Saksi Ahli: BPKP Tidak Berwenang Menghitung Kerugian Negara Perkara LTE PLN Medan
”Saat ini saya tidak menjumpai adanya peraturan perundang-undangan yang memberikan kewenangan BPKP untuk melakukan pemeriksaan atas BUMN,” kata Dani
TRIBUNNEWS.COM,MEDAN - Mantan Deputi Kepala Badan Pemeriksa Keuangan dan Pembangunan (BPKP) Bidang Pengawasan Pengeluaran Pusat dan Daerah sekaligus saksi a de charge dalam perkara pekerjaan peremajaan Life Time Extension (LTE) Gas Turbine GT 2.1 & GT 2.2 PLTGU Blok II Belawan, Medan (LTE GT 2.1 & GT 2.2) Dani Sudarsono menegaskan, BPKP tidak berwenang melakukan pemeriksaan untuk menghitung kerugian negara.
Hal itu sesuai dengan Undang-Undang No. 15 Tahun 2004 Tentang Pemeriksaan Pengelolaan Dan Tanggung Jawab Keuangan Negara.
Sebagaimana diketahui, dalam perkara LTE PLTU Belawan, sejumlah tenaga ahli didakwa merugikan negara.
Dalam dakwaan jaksa, kerugian negara muncul sebagai dampak hasil dari perhitungan BPKP.
Dalam kesaksian pada lanjutan persidangan perkara tersebut di Pengadilan Tindak Pidana Korupsi (Tipikor) Medan, Selasa (9/9), Dani menyatakan, sesuai dengan pasal 13 jo pasal 1 angka 3 UU 15 tahun 2004, yang mempunyai kewenangan untuk mengungkap indikasi adanya kerugian negara adalah Badan Pemeriksa Keuangan (BPK).
”Saat ini saya tidak menjumpai adanya peraturan perundang-undangan yang memberikan kewenangan BPKP untuk melakukan pemeriksaan atas BUMN,” kata Dani, dalam kesaksiannya.

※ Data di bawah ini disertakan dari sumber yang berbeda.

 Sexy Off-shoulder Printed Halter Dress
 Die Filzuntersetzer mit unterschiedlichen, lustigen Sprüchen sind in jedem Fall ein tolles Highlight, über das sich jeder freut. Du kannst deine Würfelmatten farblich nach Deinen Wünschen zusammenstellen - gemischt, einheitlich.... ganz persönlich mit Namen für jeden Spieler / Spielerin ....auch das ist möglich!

Ketua Majelis Kehormatan Ikatan Akuntan Indonesia (IAI) itu memaparkan, BPKP memang pernah memiliki kewenangan untuk menghitung kerugian negara. Landasan Hukum yang memberikan kewenangan BPKP untuk dapat melakukan pemeriksaan adalah Keputusan Presiden Republik Indonesia Nomor 31 tahun 1983 (“Keppres No. 31/1983”) mengenai “Badan Pengawasan Keuangan dan Pembangunan”, dimana berdasarkan Pasal 3 huruf J, L, N, O dan khususnya pasal 22 sampai dengan pasal 24 dari Keppres No. 31/1983, memberikan kewenangan kepada BPKP untuk melakukan pemeriksaan.
Namun perlu diketahui, bahwa Keppres No. 31/1983 pada saat ini sudah tidak berlaku lagi, tepatnya sejak tanggal 27 Maret 2001 dengan dikeluarkannya Keputusan Presiden Republik Indonesia No. 42 tahun 2001 (“Keppres No. 42/2001”) tertanggal 27 Maret 2001.

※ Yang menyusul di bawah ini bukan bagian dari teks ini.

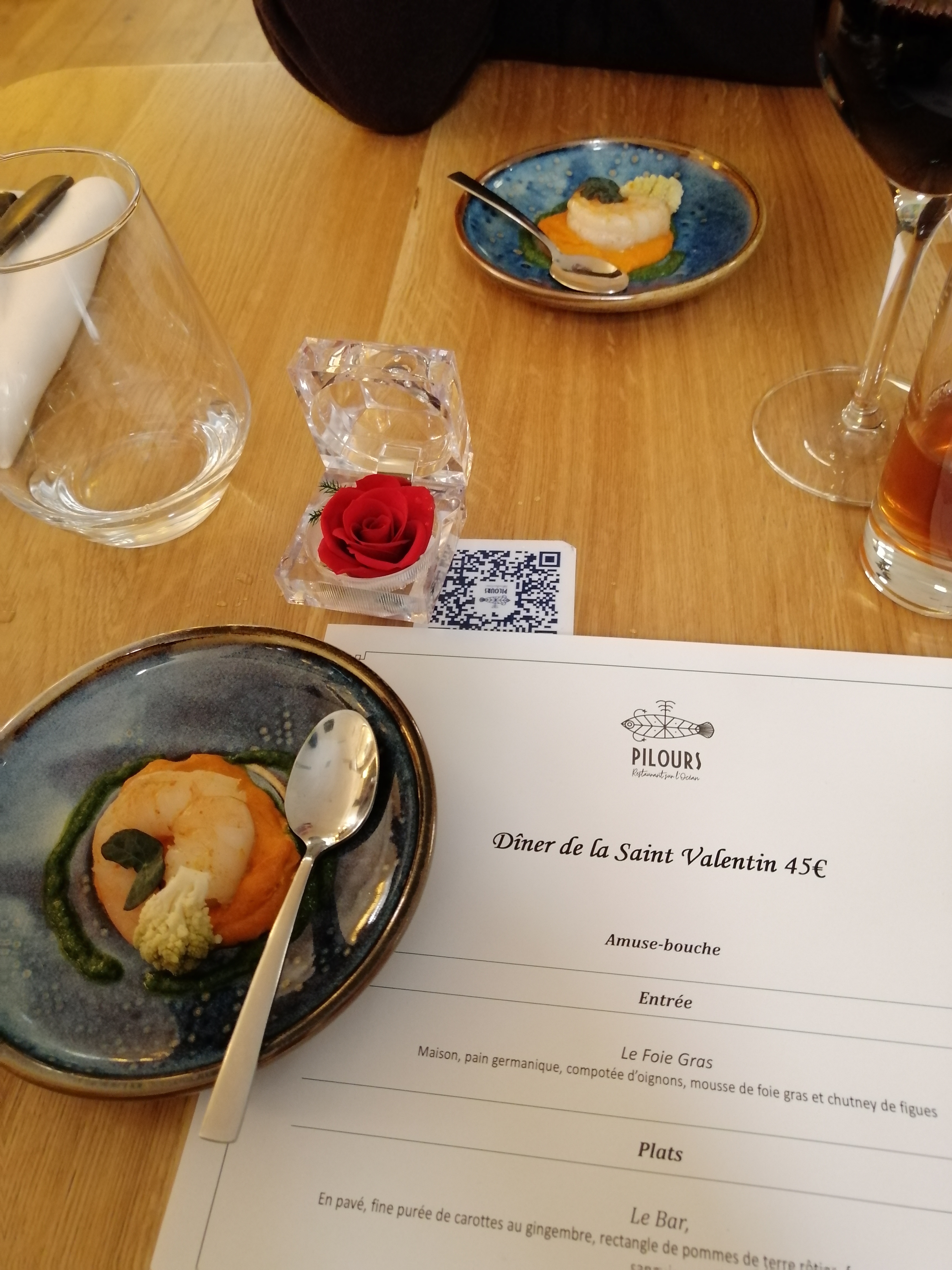 En partie déçu À la réservation pour la St Valentin il ne nous ont pas précisé que c'etais un menu unique imposé à 45 euros On a demander de l'eau plate On nous a mis de l'eau en bouteille et pas en carafe débouché donc trop tard pour changer Et sur la table en déco dans un coffret à bague une rose éternel offert par beneteau RCM marine et que nous pouvions prendre mais cela ne nous a pas été non-plus expliqué à notre installation à table- L'équipe de serveurs et serveuses MOYEN Sinon dans l'ensemble le repas était correct mais pas à la hauteur du prix

“Jadi, setelah dikeluarkannya Keppres No. 42/2001, BPKP tidak lagi mempunyai kewenangan secara hukum atas kegiatan pemeriksaan,” kata Dani melalui rilis yang dikirim ke Tribunnews.com.
Menurut Dani, sesuai Undang-Undang Nomor 15 Tahun 2004 pasal 13 Pemeriksa (BPK) dapat melaksanakan pemeriksaan investigatif guna mengungkap adanya indikasi kerugian negara/daerah dan/atau unsur pidana.
Pemeriksaan investigatif adalah bagian dari jenis pemeriksaan dengan tujuan tertentu.
Pemeriksaan investigatif dilakukan dengan cara yang sangat cermat, bukti yang diperoleh harus kuat dengan derajat keyakinan yang tinggi, harus meminta tanggapan dari yang diperiksa dan memasukkannya dalam laporan hasil pemeriksaan.
Bila pemeriksaan investigatif tidak dilakukan berdasarkan sesuai aturan yang disyaratkan, kata Dani, laporan yang dihasilkan akan berkualitas rendah karena dihasilkan dari proses yang dibawah standar (sub standard) yang kualitasnya dipertanyakan.
Dalam perkara LTE PLN Medan, menurut Dani, perhitungan kerugian negara yang dilakukan BPKP bukanlah audit investigasi alias tidak menjalankan standar audit.
Sehingga kesimpulan adanya kerugian negara akan menyesatkan karena tidak memuat informasi yang seharusnya.